У Шулинов после пожара завелась эта странность. Перегретым тесным комнатам то и дело мерещился какой-то запах, и все принимались его разбирать и оценивать. Зое что-то уверенно и деловито ворошила в печи; граф бродил из угла в угол, останавливался, ждал; потом говорил: «Нет, не здесь». Графиня встала и стояла в нерешимости. Отец медленно поворотился на каблуках, будто запах был у него за спиною. Маркиза, живо убедясь, что запах вредоносный, прижимала к лицу платок и по лицам остальных гадала, улетучился ли он.

– Здесь! Здесь! – иногда вскрикивала Вера. И над каждым возгласом странно смыкалась тишина. Я тоже внюхивался изо всех сил.

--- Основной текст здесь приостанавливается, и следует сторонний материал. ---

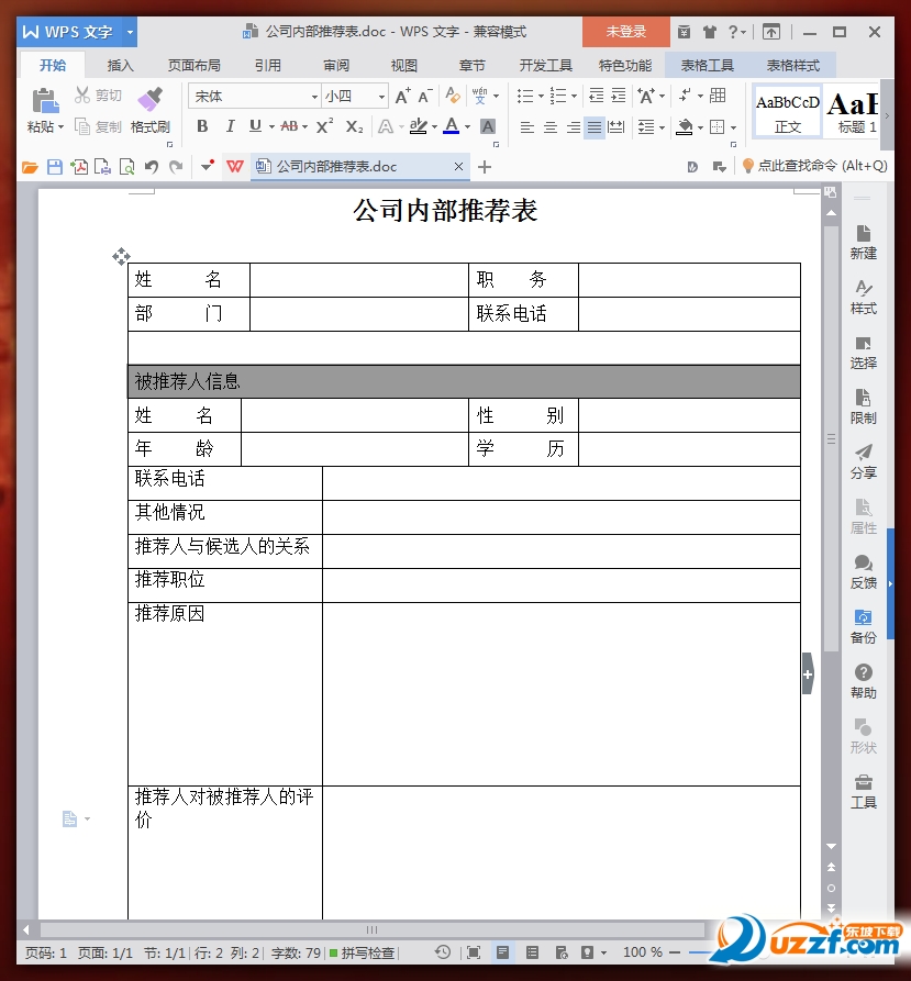 伯乐奖制度公司内部推荐表预览

Но вдруг (из-за жары ли, от множества ли свечей) впервые в жизни меня пробрало что-то сродни страху привидений. Было очевидно, что все эти почтенные взрослые, которые минуту назад беседовали и смеялись, ходят согнувшись, озабоченные чем-то незримым; что все они считают, что в комнате есть что-то, недоступное взгляду. И было ужасно, что это сильнее их всех.

Меня все больше мучил страх. Казалось, то, чего ищут они, выступит вдруг на мне, как сыпь, и на меня станут указывать пальцами. Вконец измучась, я посмотрел через комнату на maman. Она сидела странно прямая; я решил, что она меня ждет. И только когда я оказался с нею рядом, когда я почувствовал, что ее бьет дрожь, я понял наконец, что дом снова исчезает.

– Мальте, трусишка, – был рядом голос и смех. Голос Веры. Но мы с maman все прижимались друг к дружке; и сидели рядышком, вместе, пока дом окончательно не исчез.

 

Всего богаче почти непонятными переживаниями были, однако, дни рожденья. Ты уже знал, что жизни нравится уравнивать всех, но в этот день просыпался с неоспоримым правом на радость. Вероятно, это ощущение права рождается очень рано, еще на той стадии, когда все схватываешь, постигаешь и с безошибочностью фантазии превращаешь домыслы в факты.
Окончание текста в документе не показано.